Mentor role: Morpheus Venture Partners’ Khaitan. Firms such as MVP offer handholding, mentorship, consultation and advisory services, including legal counselling, and exclusive start-up-oriented job p
Mentor role: Morpheus Venture Partners’ Khaitan. Firms such as MVP offer handholding, mentorship, consultation and advisory services, including legal counselling, and exclusive start-up-oriented job p
Updated: Mon, Sep 14 2009. 10 16 PM IST
Bangalore: When Rakesh Antala started his background verification firm Crederity Info Services Pvt. Ltd in 2007 in India, he realized that the local market was a mystery. Antala wasn’t sure if Indian companies and job seekers would take to the services he offered, including screening potential employees and checking their credentials.
Mentor role: Morpheus Venture Partners’ Khaitan. Firms such as MVP offer handholding, mentorship, consultation and advisory services, including legal counselling, and exclusive start-up-oriented job portals. Hemant Mishra / Mint
To add to his problems, the start-up was finding it difficult to get the right kind of people to fill key positions in its own set-up. A hunt for a consultant and adviser was launched and in October, it hired Bangalore-based Morpheus Venture Partners (MVP), also a start-up.
“It was more of a tangible help than a strategic one,” says Antala, Crederity’s chief executive officer (CEO). “MVP was very hands-on and helped us in issues like hiring on key positions, product testing and gauging feedback.” It was better to get on board “someone who has been there and done that”, he says, referring to the entrepreneurial background of MVP partners Indus Khaitan, Sameer Guglani and Nandini Hirianniah.
The move has certainly helped. Earlier this year, Crederity raised funds of sub-$1 million (around Rs5 crore today) from venture capital firm Ventureast Fund Advisors. Over the last 18 months, a number of firms have opened across India targeting start-ups such as Crederity, offering handholding, mentorship, consultation and advisory services, including legal counselling, and exclusive start-up-oriented job portals.
MVP, for example, has a portfolio of 18 companies.

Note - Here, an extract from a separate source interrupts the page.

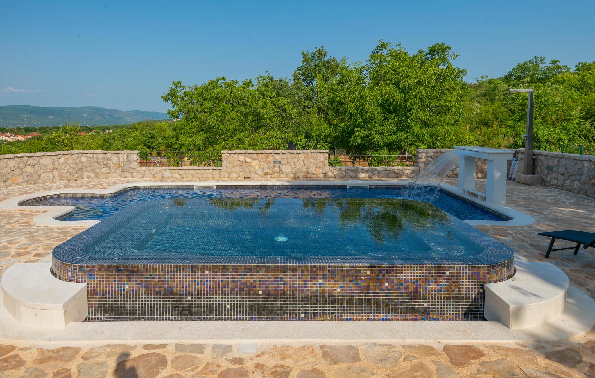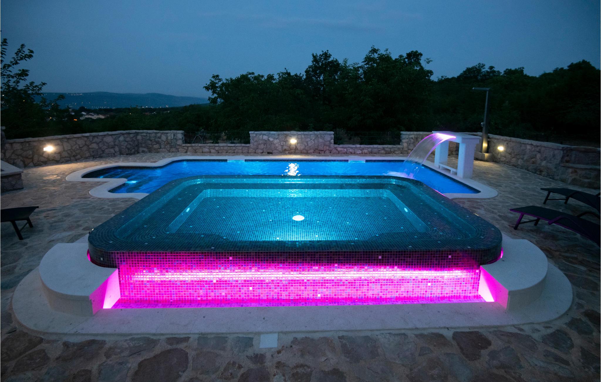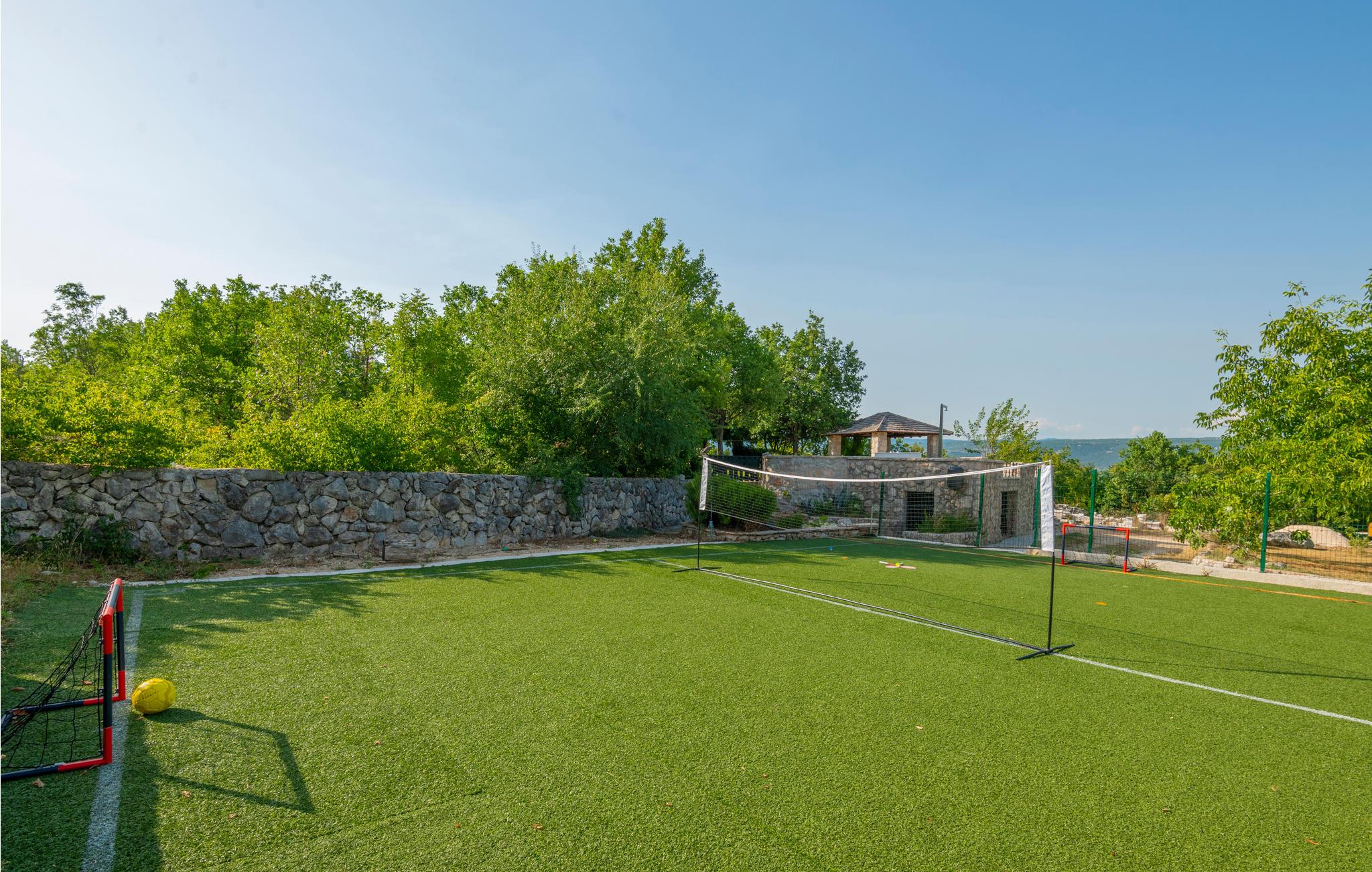 I Mellemdalmatiens rolige og idylliske bagland, ligger dette komfortable og smukt indrettede feriehus. I stueplan er der tre soveværelser, to badeværelser, toilet og en stue i åben forbindelse med køkkenet. I husets souterrain med adgang via en indendørs trappe, er der en stue der er indrettet i lokal dalmatisk stil og et fitnessrum. I haven ligger en overdækket terrasse ved siden af swimmingpoolen. De små kan få timer til at gå på husets egen legeplads. Fra terrassen på husets østside er der en skøn udsigt ud over byen Imotski, fem km væk. I det centrum afholdes der mange sjove arrangementer for regionens sommergæster. Besøg også de smukke søer: den blå sø og den røde sø. Der er cykler og en multifunktionslegeplads til fodbold, badminton og en basketballkurv til rådighed.

The firm, less than two years old, engages with a start-up in the first 12-18 months of inception, the most crucial period for a start-up (known as the “valley of death” in the venture capital business).

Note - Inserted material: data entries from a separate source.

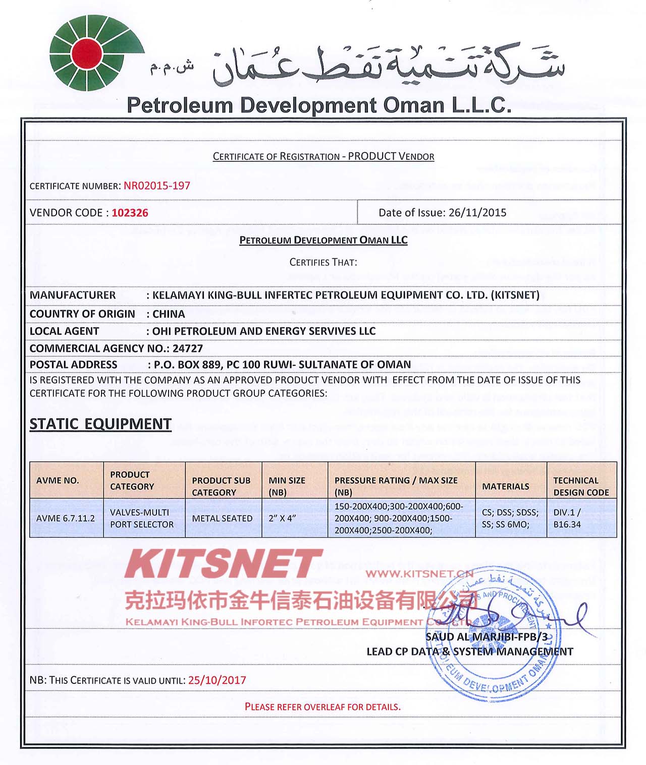 公司正式成為阿曼石油發(fā)展公司(PDO)的合格供應商
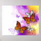 Orange, detailed monarch butterflies on light, purple, picture, painted background.
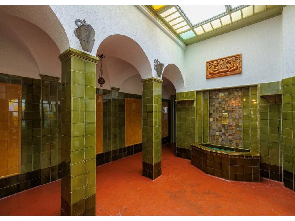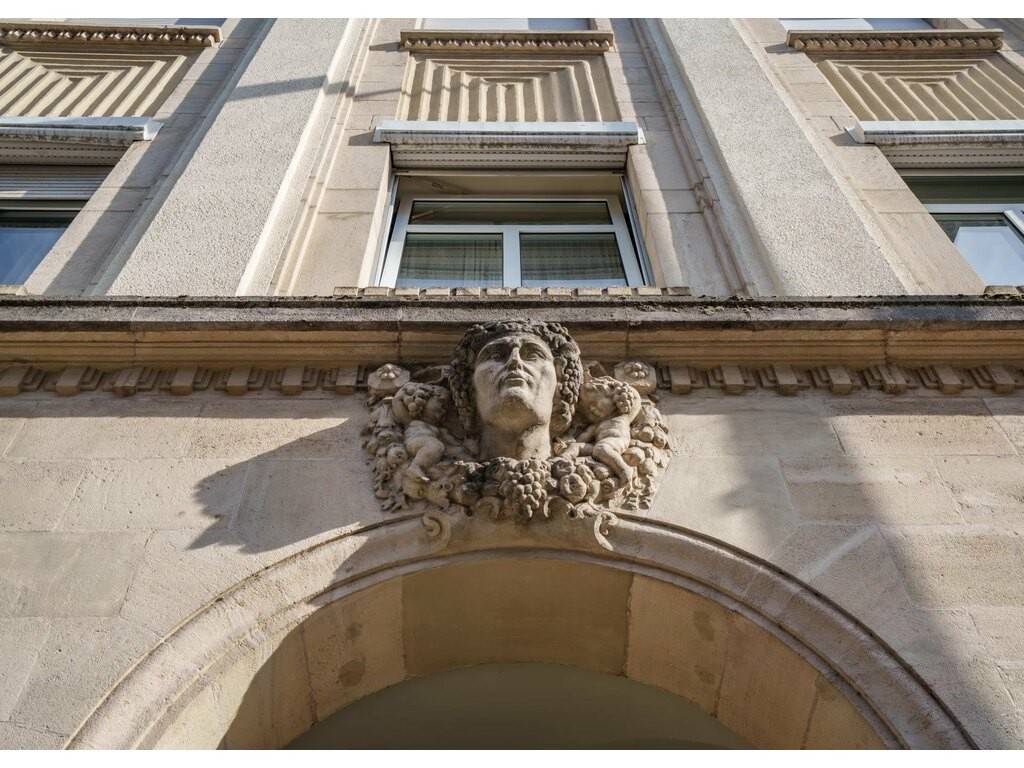On y retrouve de magnifiques éléments d’époque : façade en pierre sculptée, plafonds en stuc, escaliers et parquets anciens, vitraux colorés, jardin d’hiver et couloir voûté.

Mentoring and consultation includes product design, technology, operations, marketing, sales, fund-raising, team-building and finance. MVP takes on a firm for four months for equity stakes of 4-7%.
“Our investment horizon is five years and we give consultancy of 10-15 hours every week,” says Khaitan, partner at MVP. Even after the stipulated period is over, MVP continues to consult with these firms, but not on a regular basis.
Bangalore-based i2india Ventures Pvt. Ltd is more like an incubator that takes care of everything. The firm not only sources patents with commercial viability from institutes and inventors, it also manages intellectual property management and licence negotiations. Further, it floats a firm and even hires its top management.
For its efforts, i2india picks up an equity stake of 30-40% in the start-up, while taking a 20-60% share of the revenue.
New Delhi-based management consultancy firm Growx Ventures Pvt. Ltd deploys its own executives to run entire businesses or manage specific functions in a company, typically a start-up or an early-stage firm, in return for monthly revenue-linked fees and substantial equity holding.
Growx’s monthly fees can run up to 40% of a firm’s revenue, while its equity holding ranges from 5-30%, which will be vested over a three-five year contract period based on pre-agreed performance criteria.
“Cashing out on the start-up business seems viable now. So we are here,” says Ashish Taneja, managing director and CEO of Growx.
One factor that seems to go in the consultants’ favour is their experience in running their own enterprises in the past.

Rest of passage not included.